Хасид попятился, перепуганный, но Яков подождал, и старик ответил на спотыкающемся русском, что приехал из Минска к больному брату в еврейский квартал, но заблудился. А мальчишки стали в него бросаться снежками, начиненными острыми камушками.
Конка уже не ходила, снег падал густыми мокрыми хлопьями. Яков расстроился, разволновался, но решил отвести старика к себе – пусть немного отдышится, он промоет ему ранку холодной водой, а потом выведет, пока не явятся возчики.
– Идем со мной, дедушка.
– Куда вы ведете меня? – спросил хасид.
– Я обмою с вас кровь, а когда снег перестанет, покажу вам, как пройти в еврейский квартал на Подоле.

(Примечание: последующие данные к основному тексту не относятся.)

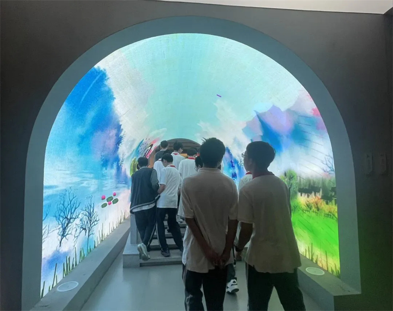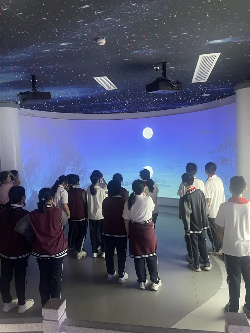 下午4时许,同学们抵达纪念馆。在讲解员的引导下,首先参观了"诗人生平展区"。馆内珍藏的明代刻本《春江花月夜》复原件、清代绘制的瓜洲古渡图卷等珍贵展品,生动再现了这位"孤篇盖全唐"诗人的创作背景。"原来张若虚是扬州本地人,他的诗里'江流宛转绕芳甸'描写的就是我们脚下的这片土地!"学生们在电子沙盘前发出惊叹。在360度全息投影厅,同学们集体诵读了"春江潮水连海平,海上明月共潮生"的千古名句。随着光影变幻,诗句中的江月、花林、沙汀等意象以动态画卷形式铺陈开来,同学们感慨:"这种沉浸式体验让我们真正读懂了诗中'人生代代无穷已,江月年年望相似'的哲学思考。"

Он провел хасида во двор, потом к себе, в комнату над конюшней. Зажег лампу, разорвал самую свою изношенную рубаху, намочил и стер кровь с бороды старика. Ранка все еще кровоточила, но хасид не обращал на нее внимания. Сидел на стуле Якова и дышал, как будто шептал. Яков предложил ему хлеба и стакан сладкого чая, но от еды хасид отказался. Он был человек достойный, с длинными пейсами и попросил у Якова немного воды. Слегка полил себе на пальцы над тазом, потом вынул из кармана пакетик, несколько кусочков мацы в носовом платке. Благословил мацу и, вздохнув, пожевал кусочек. Тут только вспомнил мастер, что сейчас Пейсах. Его как ошпарило, даже пришлось отвернуться, пока отпустит.
Он выглянул в окно. Снег все еще падал, но за хлопьями тусклым кругом слабо светилась луна. Скоро перестанет, думал Яков, но снег валил не переставая. Луна исчезла, снова все было темно и снежно. Яков подумал, что придется подождать, пока приедут возчики, быстро пересчитать кирпичи, а когда уедут телеги, поскорей увести старика, пока не придет Прошко. Если и не остановится снег, старику все равно надо будет уйти.

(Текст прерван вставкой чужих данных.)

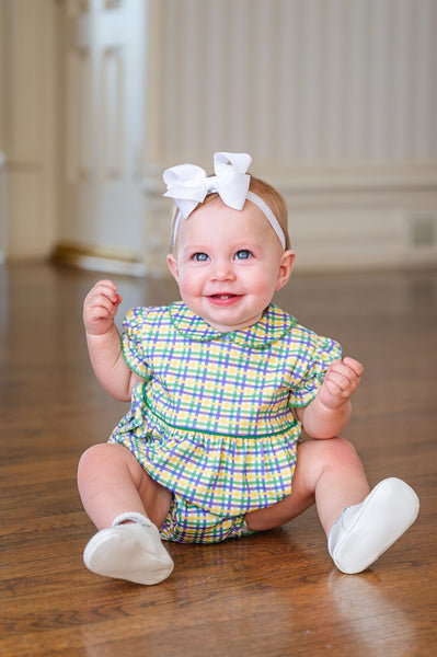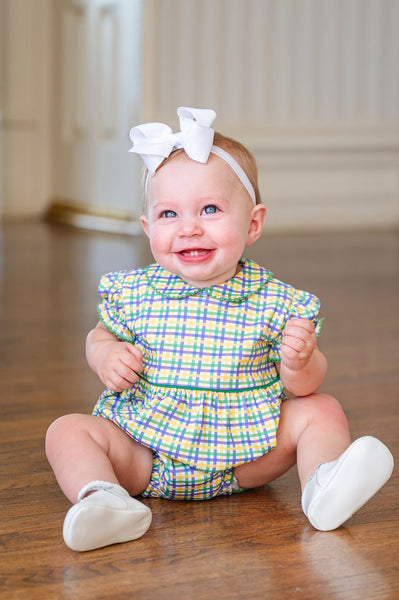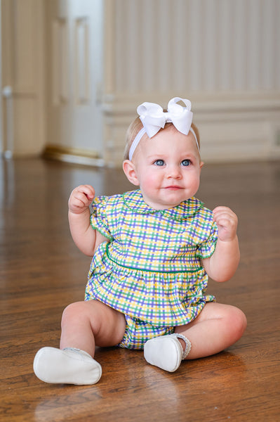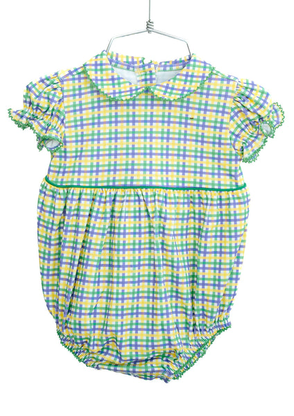 Bring festive fun to your little one’s wardrobe with the Mardi Gras Bubble, crafted from soft 100% Pima cotton for comfort and lasting quality. Made in a playful green, yellow, and purple plaid with green piping, this bubble is perfect for parades, parties, and special Mardi Gras events. Layer it with our Mardi Gras sweater for cooler days.

Старик засыпал на стуле, просыпался, смотрел на лампу, снова засыпал. Когда возчики отворяли дверь конюшни, он проснулся, глянул на Якова, но Яков приложил палец к губам и пошел вниз. Он предложил хасиду свою постель, но, когда вернулся, старик сидел и не спал. Возчики нагрузили телеги и ждали, пока рассветет. Обмотали копыта цепями, но Сердюк говорил, если навалит снега, им не сойти со двора. И Яков тревожился не на шутку.
Поднявшись к себе, он постоял у окна, закутавшись в овчинный тулуп, глядя на снег, потом скрутил и выкурил цигарку, подогрел себе стакан чая. Слегка отпил, заснул на постели, и приснилось ему, что он встретил этого хасида на кладбище. Хасид спросил: «Зачем ты тут прячешься?» – а мастер ударил его по голове молотком. Ужасный сон, от него разболелась голова у Якова.
Проснувшись, он увидел, что старик на него смотрит, и снова ему стало не по себе.
– Что случилось? – спросил он.
– Что случилось, то случилось, – ответил старик. – Но снег перестал.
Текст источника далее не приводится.